You know why this sucks? It’s dormant, one day I think I’m good, enjoyed one day, and the next day, out of nowhere it attacks It messes with my mind, at least dysthymic depressed people can expect, can predict that the day likely won’t be grat if their depression is untreated.

Meds. don’t help for me, they actually make things worse. It’s called Bipolar Type 3 which is NOT bipolar, but the DSM has no way to classify as of now. Essentially, it’s that antidepressants actually make things worse, actually having an adverse or no effect from taking them. Psych. meds. are the only meds. that have no long-term evidence of efficacy, and psychiatry is the only doctor-directed field that exists nowadays.

Consistency form day to today is taken for granted by most people. I would love to know that when I feel good, it will last. I understand that it can’t be permanent, I just wish more “good” days or even times existed.

My analogy for situational depression:it’s like prey sneaking up on you in the savannahs picture Simba in Lion King when he was learning to hunt.

A friend’s analogy for this disorder; it’s like a python wrapping around you, until you have no breath to live and cease to exist. Fitting, particularly when intertwined with an eating disorder.

I was thinking about how things have become quite impersonal. Often, texting is seen as impersonal, conversations are done electronically and the value of human contact has disappeared.

Texting

With the disease my brother has, texting or e-mail is all we have. He hasn’t learned enough sign language to communicate through a medium such as Skype. Most likely, his hearing will only decline. He’s about 90% deaf. 50% can not be restored, at least with the medical advancements that currently exist. You can’t fix auditory nerves that were ruined when removing a tumor. Because of NF2, the impersonal nature of texting has to exist because I can’t talk to my brother in another way.

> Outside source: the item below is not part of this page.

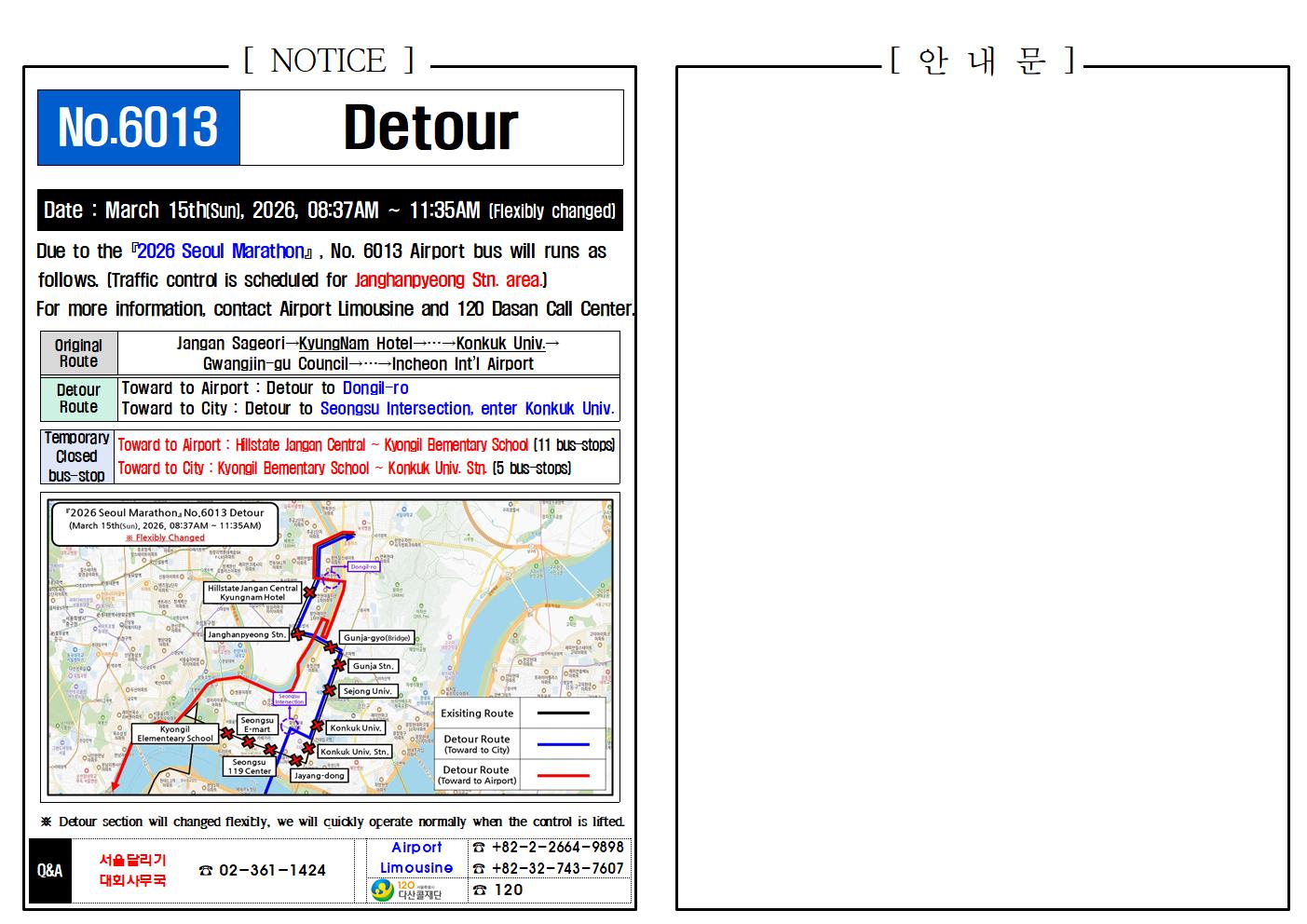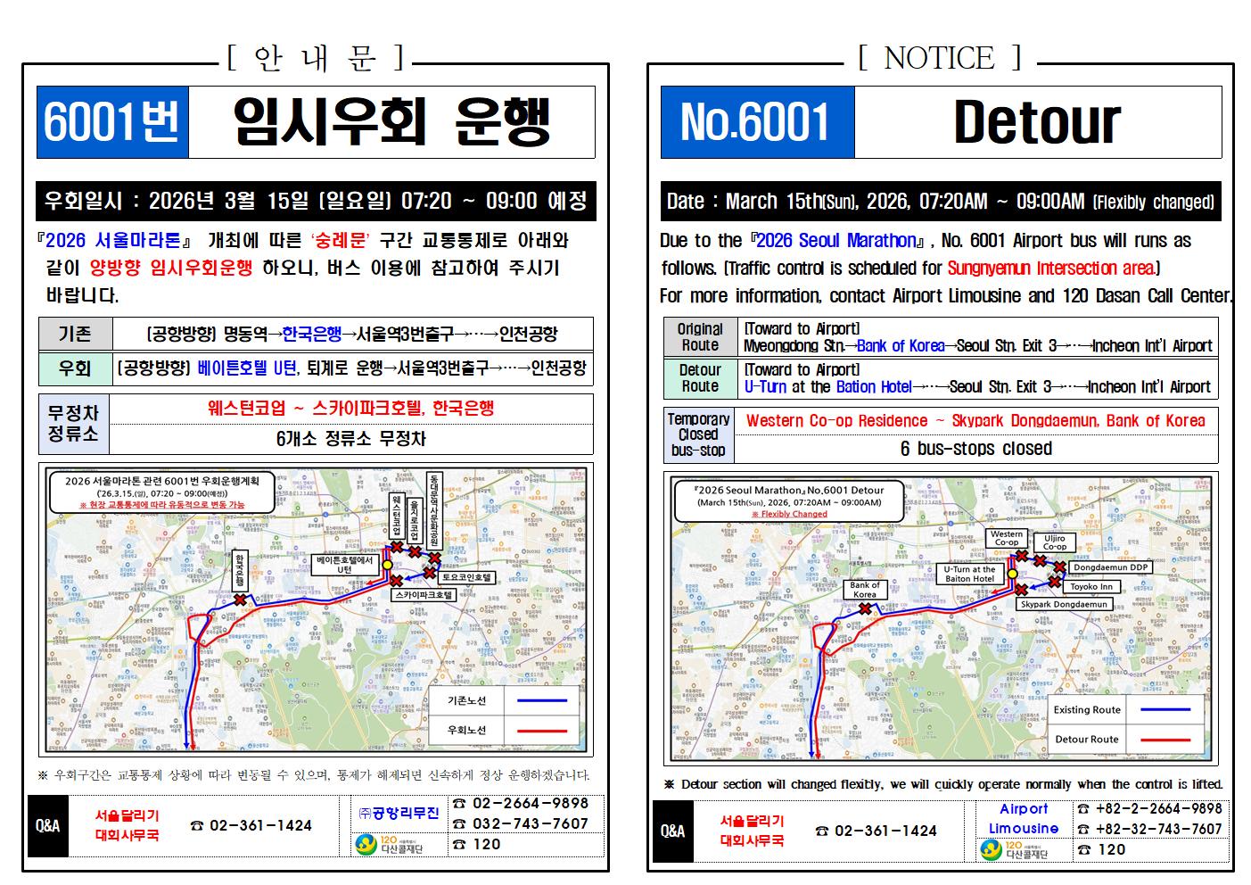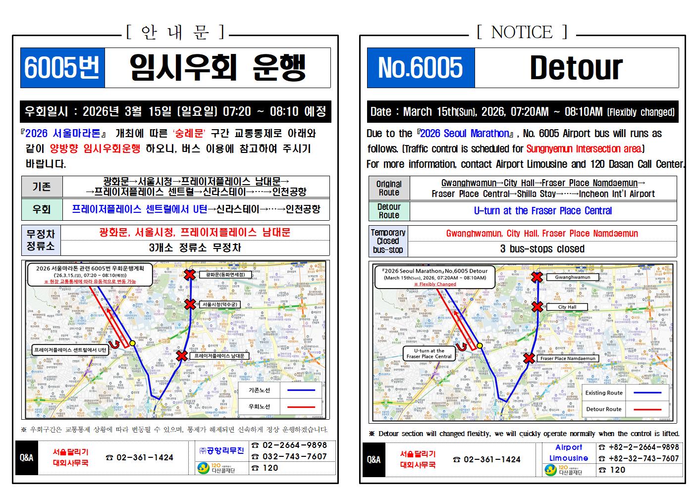 ★(Detour Notice) 2026년 03월 15일(일), 공항버스 우회 안내 (마라톤, Marathon)

I mentioned to him that specific vegetarian and vegan diets has been shown to slow tumor progression. He thanked me, he had no clue. Seriously? Health 101 people. Interesting and surprising that Barbara never mentioned to him that diet was an option, as she seeks out any sort of treatment for his disease day after day. When I told K that he’s super skinny, and that this has been attributed to the disease, K said, “or not” (referring to the possibility of an eating disorder). Hmmm. See this is why doctors ought to practice comprehensively. This is why I’ll become a doctor an provide what I believe to be the best possible route for the patients.

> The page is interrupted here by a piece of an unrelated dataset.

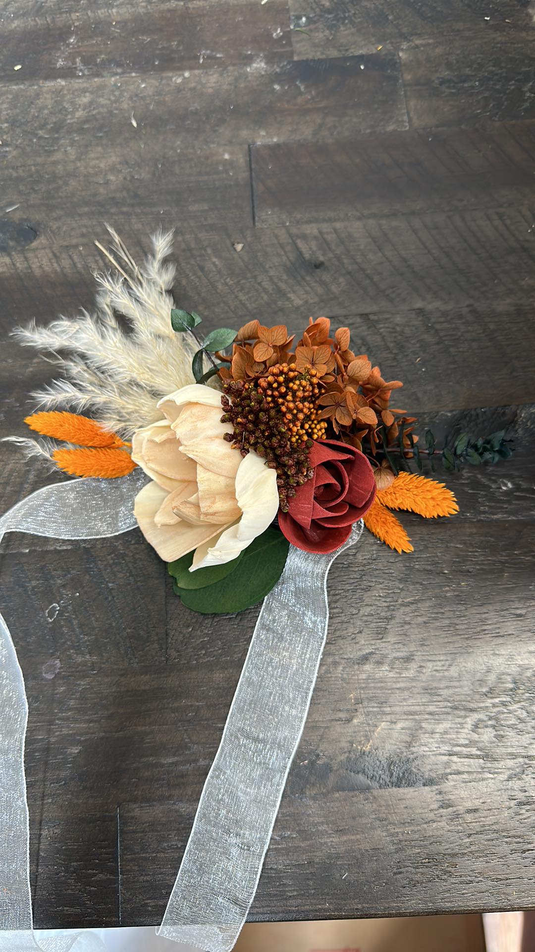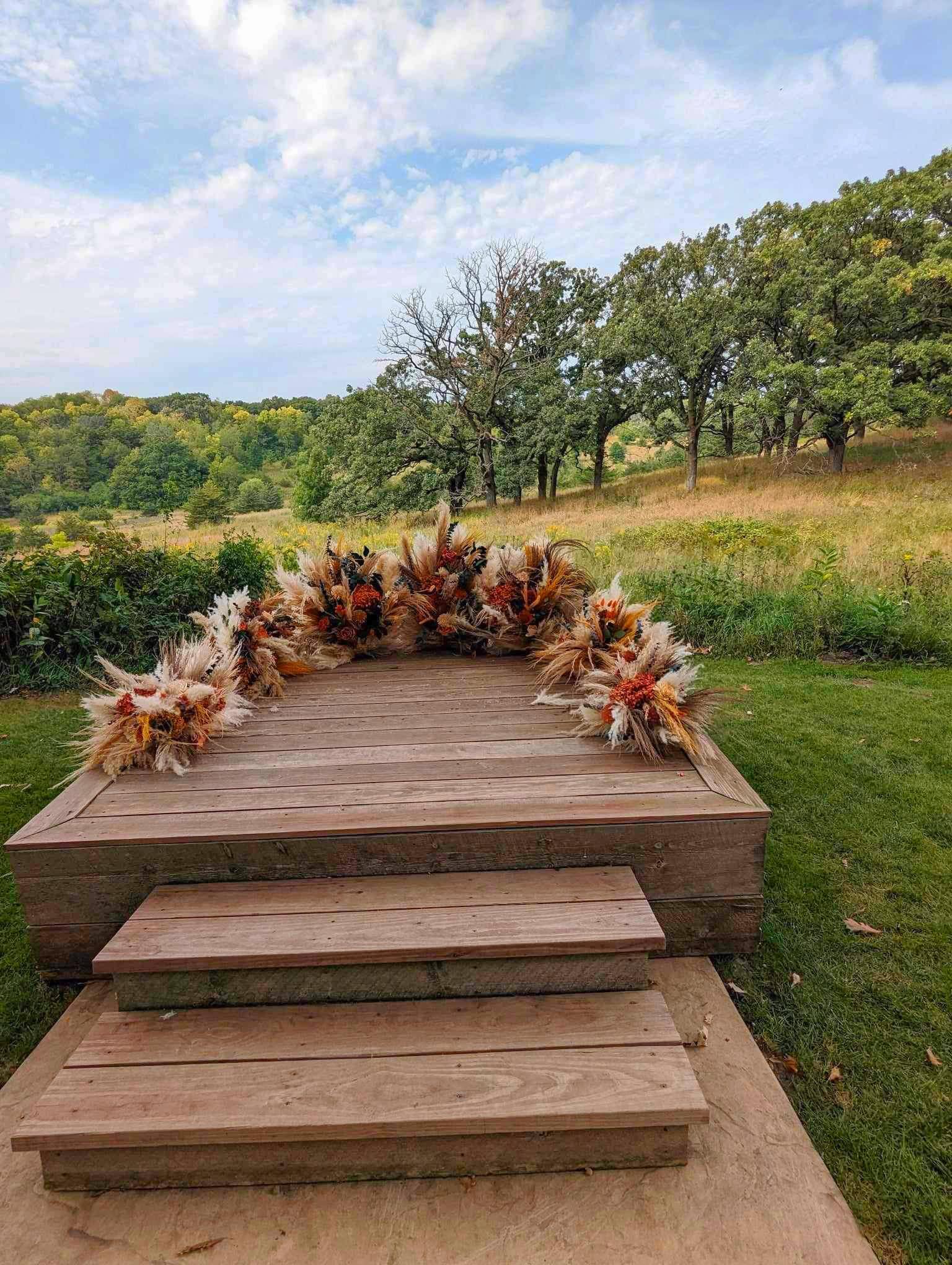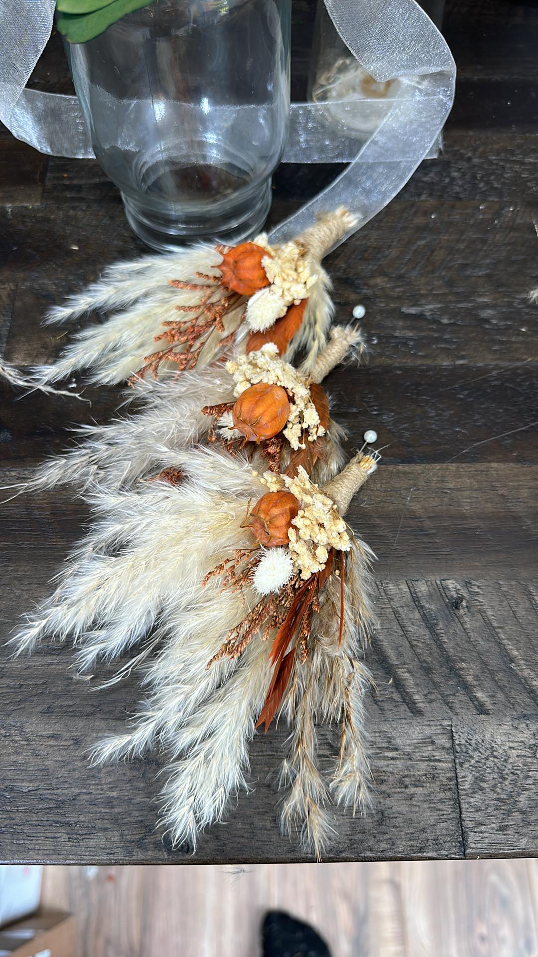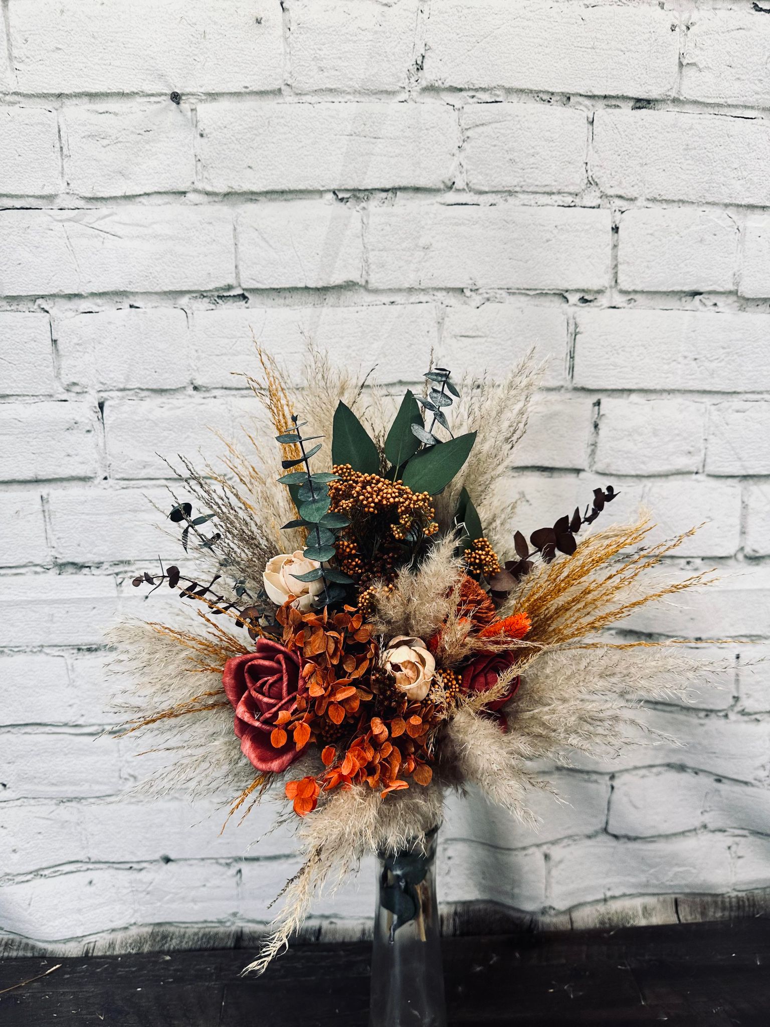 Arcadia Collection:: Stepping into your wedding venue, will be like walking into a new world! This array of hand dyed wood flowers are surrounded by all real preserved pampas, hydrangeas, spiral & silver dollar eucalyptus, and natural dried fillers. Let our Arcadia Collection make your special day, a magical one!

Ironic as all else that we both have not only neurological disorders,  but central nervous system ones at that. And Barbara (contributing to 1/2 of our chromosomes wanted to be a neurophysiologist since the age of 9 and didn’t pursue that path.

It’s my birthday today, and apparently calls are just considered an inconvenience. It’s days like this I’m reminded that I really don’t have a family willing to take time to appreciate me. Honestly, it’s just an arbitrary day that is indicative of our place in the universe at one moment which can be represented by a calendar day every 365.25 days. Wordy, yes. I don’t mind.

I kind of wish I were back in elementary school, bringing cupcakes for the class, when even if the world was crumbling around me, at least one day existed where I was the focus of people’s attention, and for one day, I mattered.